Вдруг хлопнула форточка, стукнуло окно, песок, точно спасаясь от дождя, отчаянно застучал по стеклам. И сразу же начался ливень. Грозы не было, но дождь был очень силен; он так грохотал по крыше, что заглушил скрежет станков; казалось, что они движутся совершенно бесшумно.
Индус подошел к окну. Он стоял и смотрел, как по стеклам скользила вода. Оттого ли, что на дворе было почти темно, от какой ли другой причины, лицо его казалось совсем черным.
— Николай Николаевич! — окликнул его знакомый голос.
Это была Нюра Орлова. Она вытащила из-под кофты сверток и сказала:
— Это плащ Бориса Абрамовича.
Новый химик отрицательно покачал головой.

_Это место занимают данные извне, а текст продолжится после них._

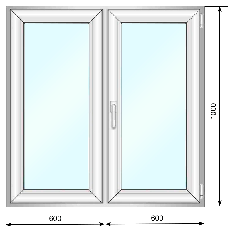 Окно ПВХ двухстворчатое створка п/о двухкамерное 1000*1000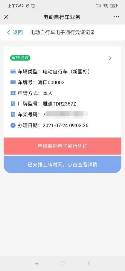 1、进入“椰城交警”微信公众号,在“办事大厅”找到“电动自行车凭证申领”,查看具体的上牌时间和地点

Он шел в полумраке между фабричными цехами, перепрыгивая через лужи, добрался до проходной, и когда сторожа предложили ему переждать, он снова покачал головой и вышел на улицу.
Он шел своей легкой походкой, и по мостовой в сторону заставы плыла желтая широкая река.

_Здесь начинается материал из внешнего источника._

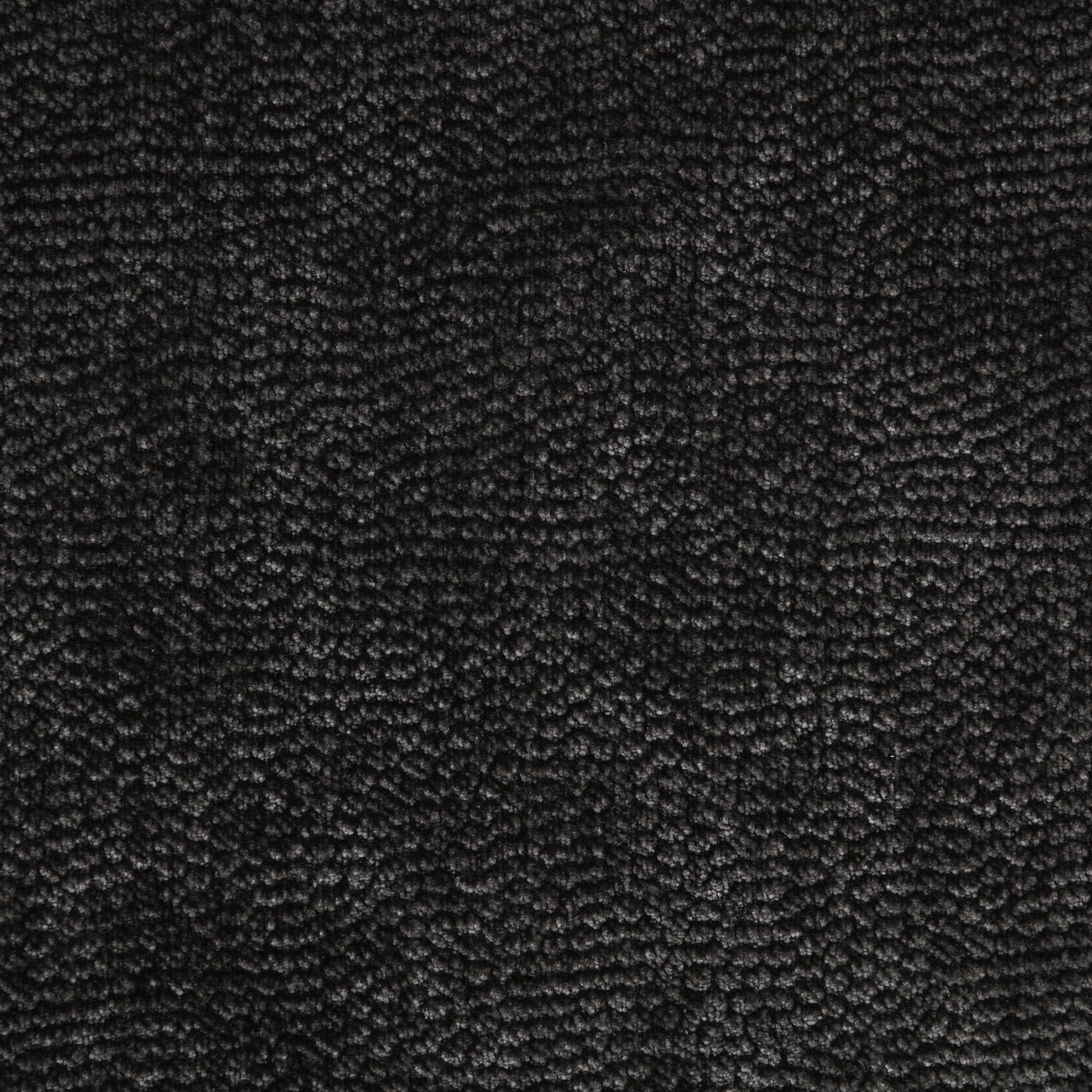 • Dark grey chenille upholstery features a soft texture with a refined woven appearance

А Нюра стояла у окна и думала, что этот человек не захотел надеть плащ потому, что она его обидела, не взяв подарка, предложенного ей от чистого сердца.
1935 г.
СТАРЫЙ УЧИТЕЛЬ
Последние годы Борис Исаакович Розенталь выходил из дому лишь в теплые тихие дни. В дождь, в сильный мороз либо в туман у него кружилась голова. Доктор Вайнтрауб полагал, что головокружения происходят от склероза, и советовал перед едой выпивать рюмку молока с пятнадцатью каплями йода.

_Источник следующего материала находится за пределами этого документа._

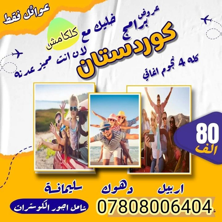 💙>>> اارررربيل << 😍❤️😍 الجمعة 3/20 سوينالكم أربيل 80 الف دهوك 80الف سليمانية. 80 الف سارعوا بالحجز مقاعد محدودة تتضمن رحلة اربيل يوم الى مصايف دهوك + يوم الى مصايف سليمانيه ختياري 💙 باصات حديثه 🚞 💙 كاادر متمرس 🕺 💙 فنادق ممتازه 🏢 💙 وجبات فطور بوفيه مفتوح 🍱 💙 مسابقات وجوائز 🎁 💙 ملاحظه بدون أجور اظافية تشمل النقل والجولات الفطور الفندق 💙 برنامج أربيل 💙 مجدي مول ، مجدي لاند ، قاعة التزلج .كلي علي بيك ، بيخال ، راوندوز ، خليفان ، جوله مسائيه في قضاء شقلاوه ، ، ، يوم مصايف دهوك عقره . سيبه. بجيل. كلي زنطه. + برنامج مسائي داخل اربيل 💙 الاطفال مجاناً الى 5 سنوات من 6 الى 9 نصف بطاقه مقعد 🟡………………………………….. للحجز والاستفسار واتساب *********** *********** عنوان الشركه زيونه شارع الربيعي / مقابيل مول الامير مجمع الدر الطويل للالبسه الرجاليه قرب جامع القزاز

В теплые дни Борис Исаакович выходил во двор. Он не брал философских книг: его развлекали возня детей, смех и руготня женщин. С томиком Чехова он садился на скамейке возле колодца. Он держал открытую книгу на коленях и, глядя все на одну и ту же страницу, сидел, полузакрыв глаза, с сонной улыбкой, которая бывает у слепых, прислушивающихся к тому, как шумит жизнь. Он не читал, но привычка к книге была в нем настолько сильна, что ему необходимым казалось поглаживать шершавый переплет, проверять дрожащими пальцами толщину страницы. Женщины, сидевшие неподалеку, говорили: «Вот учитель заснул», — и беседовали о своих делах, словно были одни. Но он не спал. Он наслаждался теплом нагретого солнцем камня, вдыхая запах лука и постного масла, слушал разговоры старух о своих невестках и зятьях, ловил ухом беспощадный, бешеный азарт мальчишеских игр. Иногда сохнущие на веревках тяжелые мокрые простыни хлопали, как паруса на ветру, и лицо ему обдавало влагой. И ему казалось: вот он снова молод и студентом едет на парусной лодке по морю. Он любил книги — книги не стояли стеной между ним и жизнью. Богом была жизнь. И он познавал бога — живого, земного, грешного бога, читая историков и философов, читая великих и малых художников, которые каждый в силу свою славили, оправдывали, винили и кляли человека на прекрасной земле. Он сидел во дворе и слышал пронзительный детский голос.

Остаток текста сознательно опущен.